While Angus Cloud brings a lot of his own self to his acting, he’s not exactly the same person as his lovable “Euphoria” character, Fez. But there are plenty of striking similarities, and both he and Fez have definitely been through a lot, as Cloud described in a recent interview with Variety. “I broke my skull on Friday the 13th,” he said, finally clearing up the mystery surrounding the curved scar on the left side of his scalp. The legitimacy of this injury has been debated by fans of the show since Cloud’s debut, but he confirms that it is, in fact, real — and the events leading up to it were nearly fatal.
One night in 2013, as he walked through his hometown in downtown Oakland, CA, the actor accidentally fell into a construction pit at least 10 feet deep — and he didn’t wake up until 12 hours later. “I was trapped,” he told Variety. Astonishingly, Cloud managed to out of the pit himself despite being seriously injured, including having broken his fingers, because “they wasn’t gonna find me down there,” he said in his interview. “I found myself. Or God found me, whatever you want to call it.”
“I found myself. Or God found me, whatever you want to call it.”
The story gets more jaw-dropping from there. After hauling himself out of the construction pit, Cloud took a bus back home to his mom’s house (and not a hospital — classic teen move). “She thought I was on drugs, ’cause my pupils was hella dilated. I was trying to tell her what happened, but I could only start a sentence — I couldn’t finish it. So I was like, ‘I’m just gonna go sleep in my bed,'” he said.

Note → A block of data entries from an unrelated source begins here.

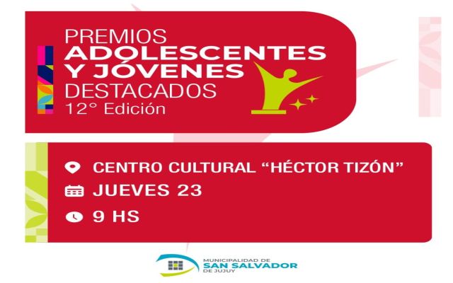 El jueves 23 de enero, a las 9 horas, se llevará a cabo la ceremonia de entrega de los premios “Adolescentes y Jóvenes Destacados 2025” en el Centro Cultural Héctor Tizón.
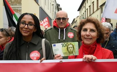 Migliaia di persone sono scese in strada a Firenze per partecipare alla manifestazione per lo sciopero generale indetto dalla Cgil. È da qui che il segretario generale Maurizio Landini guida la la "rivolta solitaria" ripetendo slogan ormai fuori dal tempo. Il corteo, che ha attraversato il centro della città, è partito da piazza Santa Maria Novella. Molti gli striscioni contro la manovra di Bilancio del governo Meloni, diffuse tra i partecipanti anche finte banconote da cento euro con sopra il volto della premier per dire basta ai tagli e chiedere salari più alti, pensioni dignitose, investimenti nei servizi pubblici e stop alla corsa al riarmo. Molte anche le bandiere della Palestina e cori propal scanditi lungo il corteyo. In piazza Santa Maria Novella anche la sindaca di Firenze, Sara Funaro. "I motivi per scioperare oggi e manifestare insieme alla Cgil sono, prima di tutto, dalla precedente finanziaria i tagli lineari sulla spesa corrente. Abbiamo visto e l'abbiamo annunciato durante il bilancio del Comune di Firenze più di 19 milioni nel triennio, per cui risorse importanti. Poi mancano risorse sul tema abitativo, per la ristrutturazione delle case popolari, per il contributo affitto, mancano risorse per tante partite che sono fondamentali, da quella del welfare a tante a tante altre".
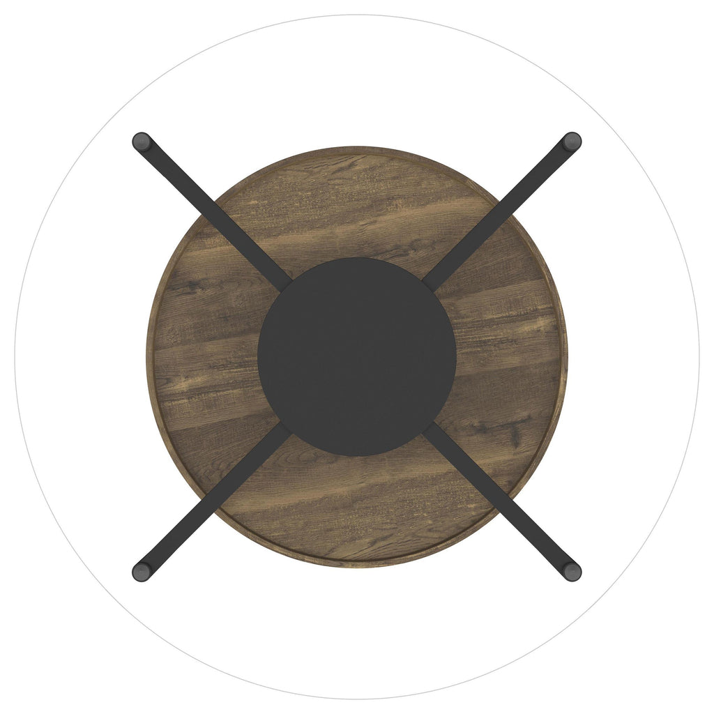 • Coffee table features an X-cross frame beneath a round tempered glass top
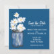 Perfect for a country style wedding or maybe you just love Mason Jars! Mason Jar with white Gerber daisies. Night Blue colour with black drawing of a Mason Jar filled with artsy white daisies. If you have any questions on this design or want a colour change please email me paula@labellarue.com
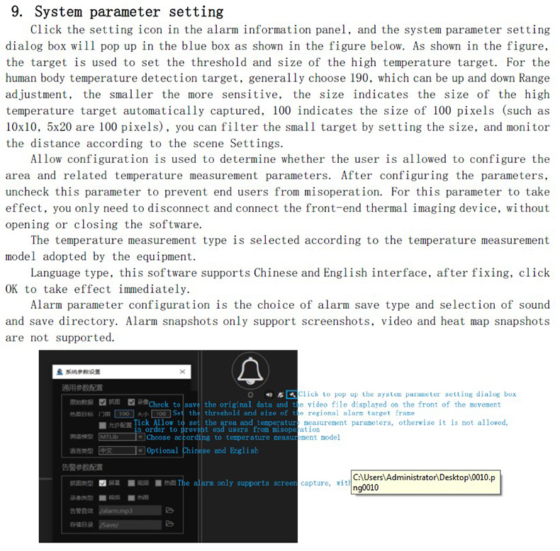 告警參數配置是報警保存類型的選擇及聲音和保存目錄的選擇。報警抓圖只支持屏幕截圖,錄像和熱圖抓拍不支持。
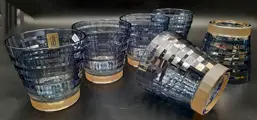 Set van 6 glazen voor vroeg in de ochtend sap, water of aperitief in kristal, vintage mondgeblazen uit Cre Art Srl collectie "Riflessi" model "Tokio Matt" gekleurd, opgericht in 1968, gelegen in de provincie Florence daterend uit de tweede helft van de 20e eeuw. Een van de beste Toscaanse producenten. Zeer zeldzaam en zeer gewild. Allemaal handgemaakt in twee kleuren. Een uit duizenden. Dit item is handgemaakt door meester ambachtslieden. Afmetingen: hoogte 9 cm - diameter 9,1 cm.
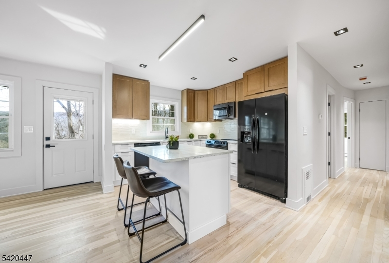 Completely renovated from top to bottom, this move in ready home is located in West Milford, just 2 blocks from High Crest Lake,.The house was fully gutted and redone inside and out. Updates include new hardwood floors, walls, windows, siding, gutters, roof, plumbing kitchen, bathrooms and more. The home also has brand new central air, and the heating system is oil (above ground) located in the garage.The main floor has 3 bedrooms and 1 full bathroom, which includes both a shower and a tub. The primary bedroom has 2 closets. The kitchen and living room are open concept and include an electric fireplace, along with completely new appliances.The finished basement adds extra space and includes 2 additional rooms, 1 full bathroom, a laundry area with hookups, a mechanical room, and a separate entrance from the back, transform the basement into endless possibilities. It also has direct access to the garage. The septic system was serviced in December 2025. Long driveway offering plenty of parking.A great opportunity to own a fully renovated home in a quiet area near the lake. Wood burning fireplace in the basement and septic system being sold as is (no known issues), Septic recently serviced in December 2025. New owners have the option to become members of the lake community and have access to all the lake activities if desired.
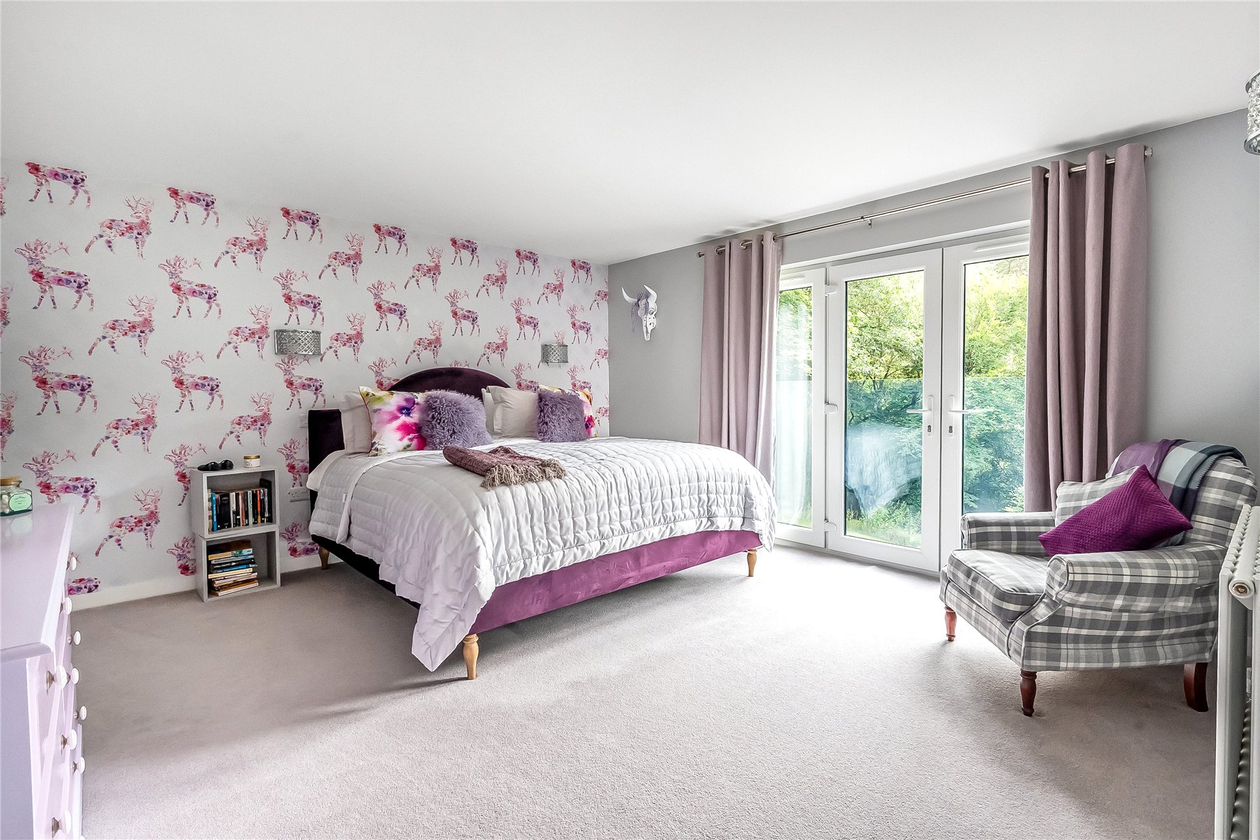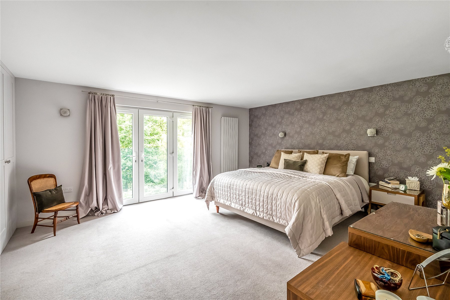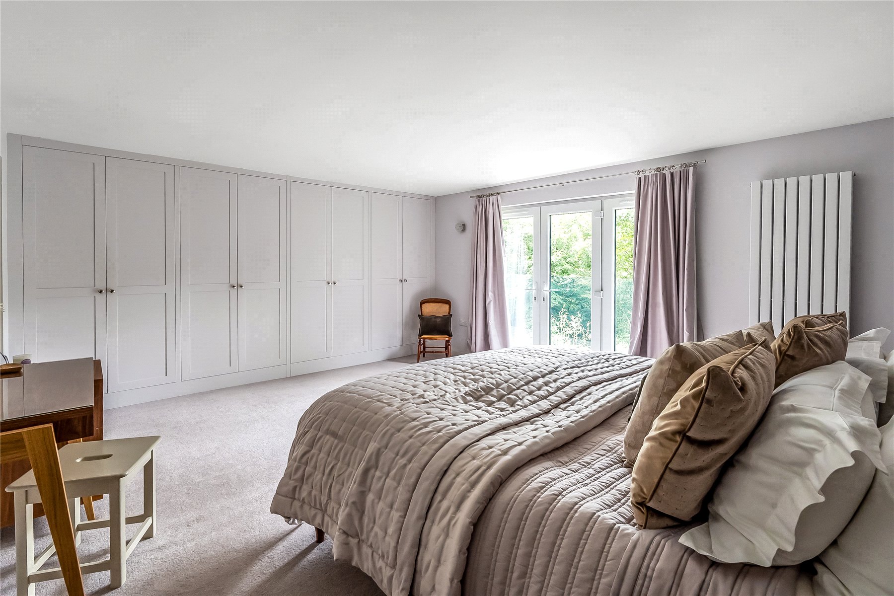 Stairs lead up to a spacious 1st floor landing with an attractive and stylish Neville Johnson balustrade. The master bedroom is exceptional; being a spacious double with French doors opening onto a Juliette balcony overlooking the garden and woodland beyond, with a full wall of built in wardrobes and a luxury en suite featuring walk in shower and Japanese bathing tub with integrated jets and lights. There are five further generous and well appointed bedrooms, bedroom two also benefitting from a Julitte balcony overlooking the garden. These bedrooms share a family bathroom and a separate family shower room; flexible and versatile provision, although the shower room could easily become an en suite for bedroom two.

Luckily, his mother stopped him, giving Cloud some water and quickly realizing the urgency of the situation when he started vomiting blood. Cloud’s mom brought him to a hospital, where doctors cut open and repaired his fractured skull with screws and a plate.
He spent the next five days in the ICU “loaded off morphine” and then bounced between a few other nonintensive care units before he was officially discharged. “The brain is so fragile,” he said. But looking back on the experience now, he feels lucky that things didn’t turn out worse. “It was damn near like nothing really happened. I’m so blessed to just have minor brain damage. You know, it’s so minor it ain’t even really worth speaking about,” Cloud said.